Green’s 218 yards breaks own team rushing record
Monday, December 29, 2003
By Dylan B. Tomlinson
On Ahman Green’s first big run of the day he looked back one too many times.
He didn’t make the same mistake twice.
In the third quarter, Green scrambled for 47 yards before being caught at the 7-yard line by Denver cornerback Lenny Walls. On Green Bay’s first drive of the fourth quarter, Green took the ball and ran off right guard for a 98-yard touchdown up the sideline.
This time, there was no catching him.
“I took one too many peeks the first time,” Green said. “I took just one peek the second time.”
The beginning of the fourth quarter saw the Denver Broncos deep in Green Bay territory, threatening to score their first touchdown of the game. But, on fourth down the pass from Danny Kanell to Charlie Adams fell incomplete and the Packers took over on downs.
“Did I expect to score on the next play? Absolutely not,” Packers quarterback Brett Favre said.
“I just wanted for us to get a little room to punt it and then I turned around and saw Ahman around the 50.”
The run was the longest in team history, beating the previous record of 97 set by Andy Uram against the Chicago Cardinals on Oct. 8, 1939.
In the first half, the Packers didn’t have a great deal of success running the ball. Green had a respectable 52 yards on 14 carries, but had not broken a run of more than 10 yards.
“We were a shoestring tackle away from breaking one early,” Sherman said. “Our patience in the run game paid off for us.”
For Green, his record-setting day wasn’t limited to the 98-yard run. He rushed for a franchise-record 218 yards on just 20 carries for a 10.9 average. Green broke his own single-game record of 192 yards set earlier this season against the Philadelphia Eagles.
Green’s timing could not have been better. Favre said the strong winds at Lambeau threw off his passing game a bit, so it was crucial that the running game was able to control the game’s tempo.
“The running game needed to dominate,” Favre said. “We did a lot more than just dominate.”
With a pair of touchdowns on Sunday, Green also set a team record for touchdowns during a season, with 20. Jim Taylor set the previous record of 19 in 1962.
With 1,883 yards rushing, 20 touchdowns and 10 100-yard games, Green had the best season by a running back in team history, and one eclipsed by only a few in NFL history.
He also became the first Packers running back to lead the NFC in rushing since John Brockington did it in 1973.

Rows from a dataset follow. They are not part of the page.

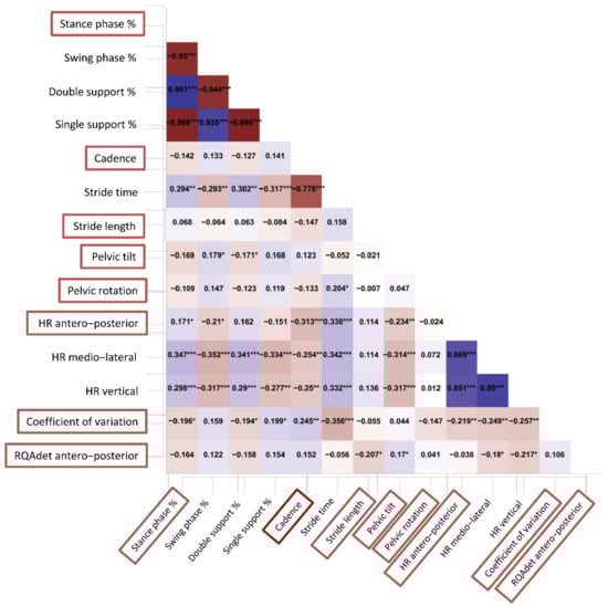 Out of the initial 22 gait parameters (Table 1), 14 showed significant differences in the independent sample t-test, regardless of gait speed (Table 1). We submitted to a clinical decision for those variables that reported a partial correlation value ≥ 0.50 with at least another feature (Figure 4). For example, stance phase was highly correlated with swing phase, double support, and single support. Because stance phase is complementary to swing phase and contains the information on support phases, we decided to maintain stance phase only in the final dataset. Another issue was the relationship between each gait stability index in the three spatial directions. We decided to maintain in the final dataset only HRap and RQAdetAP because of their clinical significance [5].
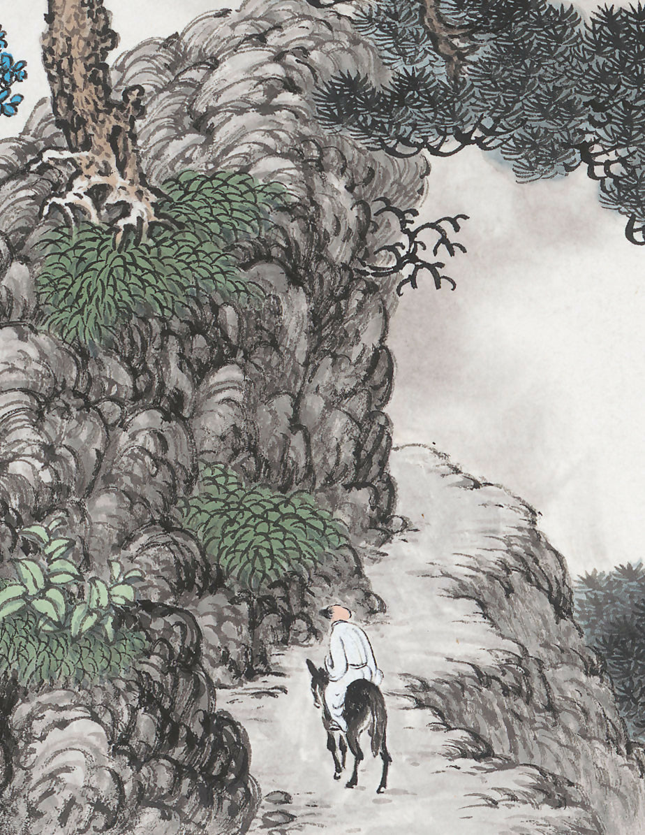 As we unroll this magnificent ink painting from left to right, the grandeur of towering mountains wrapped in swirling clouds emerges. Lush vegetation and verdant trees punctuate the rugged slopes while a solitary traveler atop a donkey is leisurely wandering through the mountainous terrain, gazing contemplatively into the distance, wondering what sights await him.
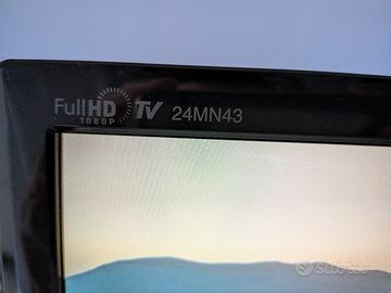 TV monitor LG 24MN43 FULL HD. Perfettamente funzionante ma ha bisogno di un decoder per la TV (non incluso). È incluso invece il telecomando. Base difettosa, non può essere inclinato a piacimento perché cade.
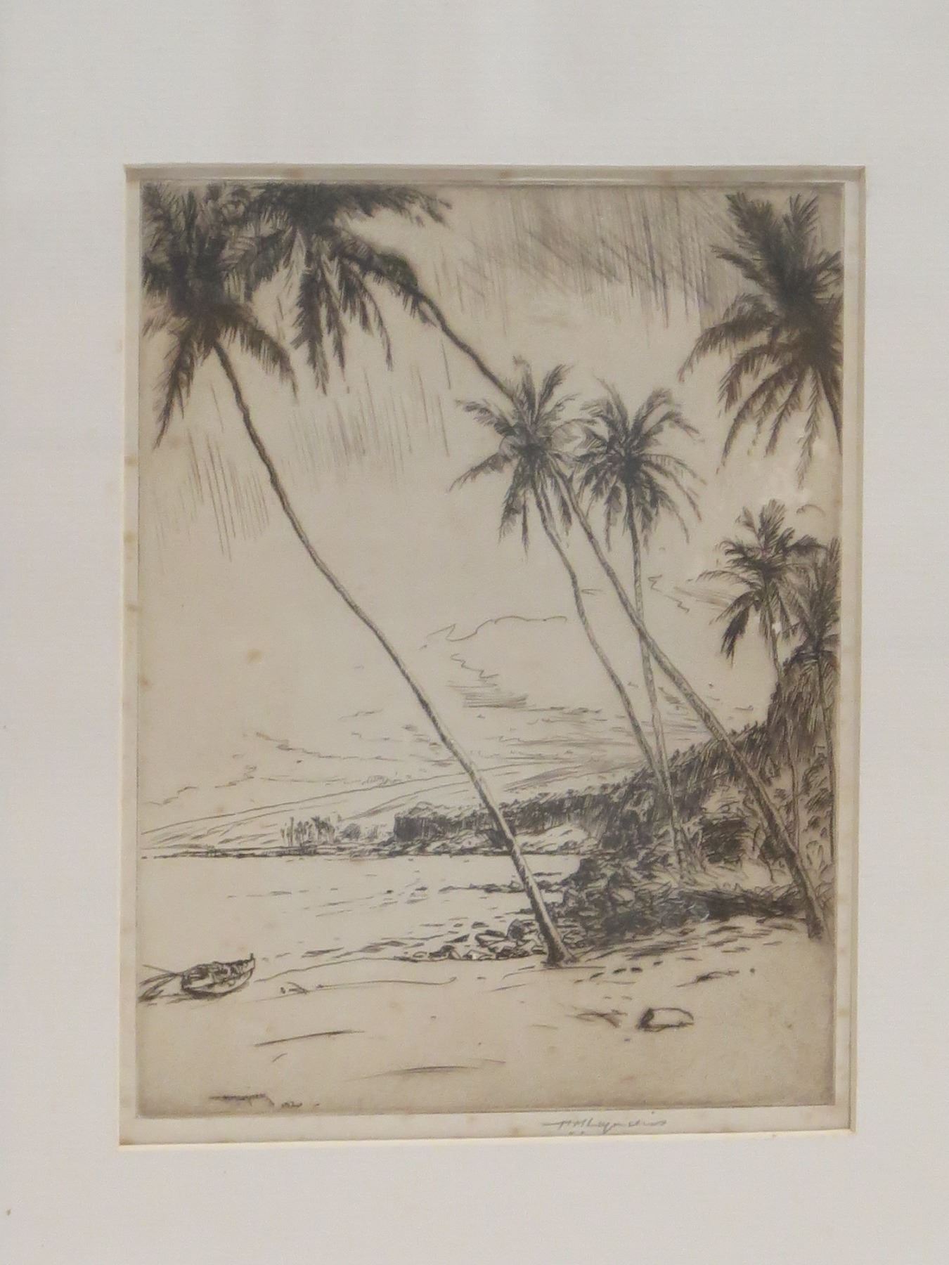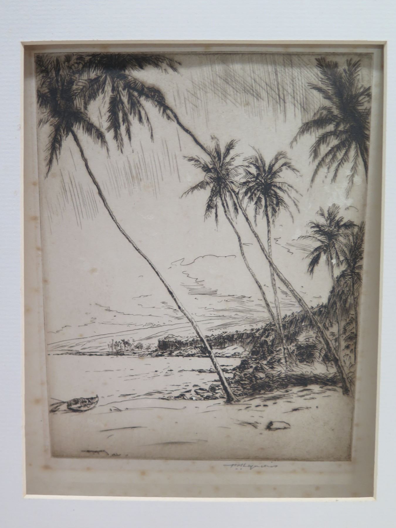 Canoe Shoreline Artwork, Signed by Artist H.M. Luquiens, Wood Framed 15"x20"
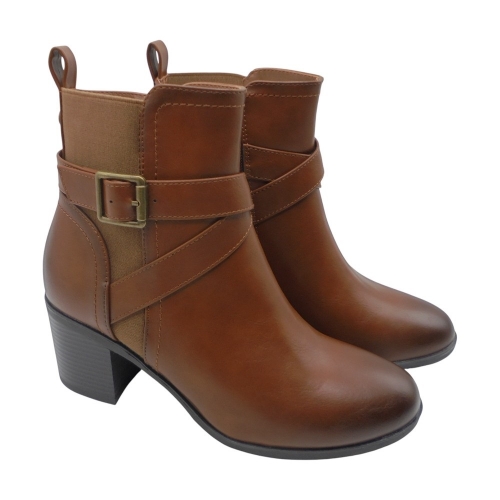 Confeccionado en piel sintética de alta calidad, este modelo se distingue por su adorno lateral con una hebilla que rodea el tobillo, aportando un detalle elegante y contemporáneo que realza su estilo femenino.
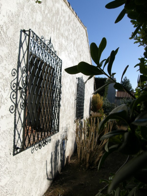 Fabrication et pose de grille de défense pour fenêtre avec barres à trous en diagonales sur Fos sur mer pour la sécurisation des fenêtres du premier étage.
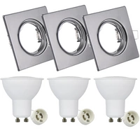 3x GOLDLUX (Polux) čtvercová černá pohyblivá halogenová žárovka + GU10 3.5W LED žárovka
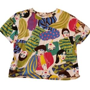 Zara printed tee in size Small. No rips or stains on front or back of shirt. Small rip on inner seem of shirt. Inner tag cut off but shirt feels cotton material.
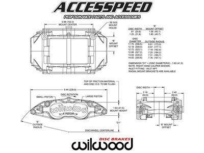 The Wilwood Forged Narrow Superlite 4R Dust Seal (FNSL4R-DS) from Accesspeed is the newest version for the venerable Superlite caliper series. The FNSL4R-DS adds the versatility and convenience of radial mounting to this widely popular caliper group. Radial mounting simplifies adaptation and provides two planes of adjustment for accurate alignment over the disc. The addition of Wilwood’s exclusive wiper dust seal allows these calipers to be used in areas that may mandate environmental sealing. These calipers integrate "Big Brake" style with Wilwood's latest technology to generate big stopping power in extreme environments over a broad range of vehicle applications.
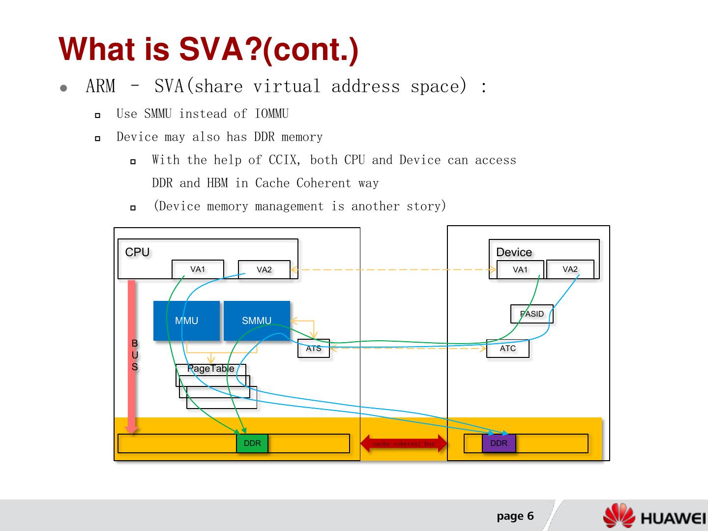 5 .What is SVA?(cont.) Nvidia – UVA(Unify Virtual address): GPU has its own MMU CPU can only access DDR while GPU can only access HBM GPU MMU mirror the Page Table of CPU When GPU access a VA not populated in HBM it will copy the data from DDR , and vice versa. X86 CPU GPU VA VA MMU GPU-MMU B B U U S PageTable PageTable S DDR PCIe HBM HBM Copy page 5
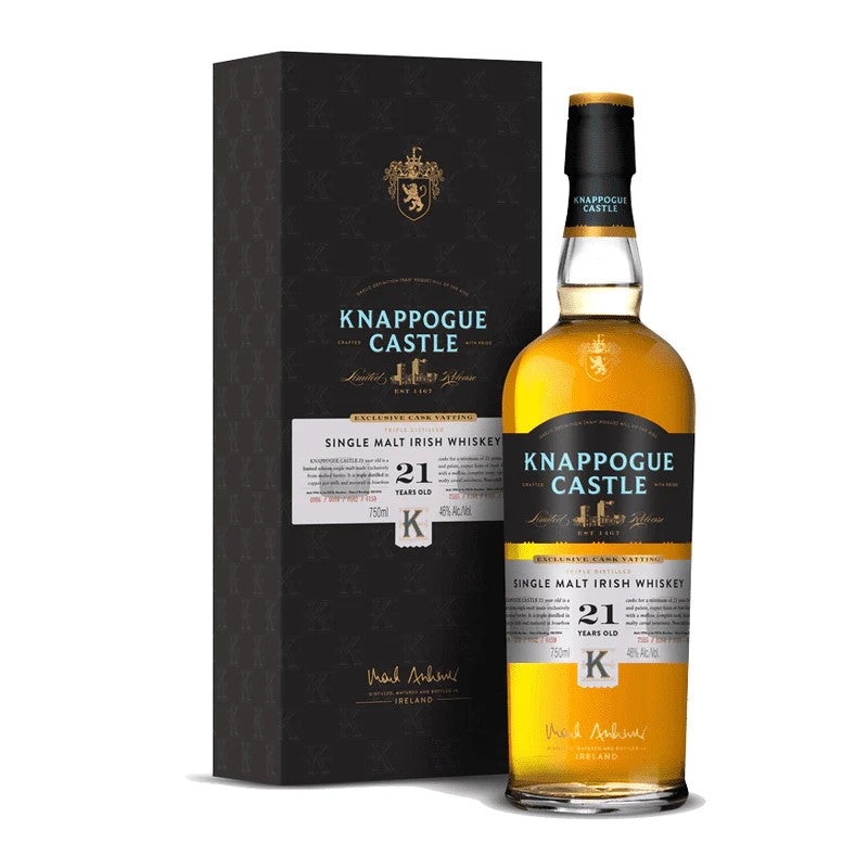 Single Malt IrishWhiskey | 46% ABVCommercial Description:The Knappogue Castle 21 Year Old Single Malt Irish Whiskey is an artful blend of two single malts. They were both created in copper pot stills and matured in ex-Bourbon casks one for 23 years (1994)
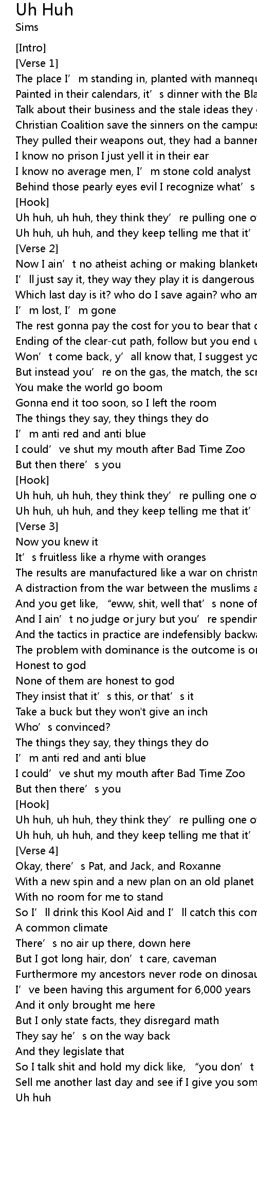 | Now I ain' t no atheist aching or making blanketed statements | |

None of that seemed to matter to Green, who just shrugged it off when told of all of the records he broke Sunday.
“The biggest thing is the win,” Green said. “None of this other stuff matters at all. I don’t think anybody would have cared about anything any of us did if we didn’t make the playoffs.”
With the Packers now heading to the postseason, Green said he expects himself and the rest of his teammates to bring their play up another notch.
“That’s what we’re going to have to do if we’re going to win,” Green said. “In the playoffs the intensity switches to another gear.”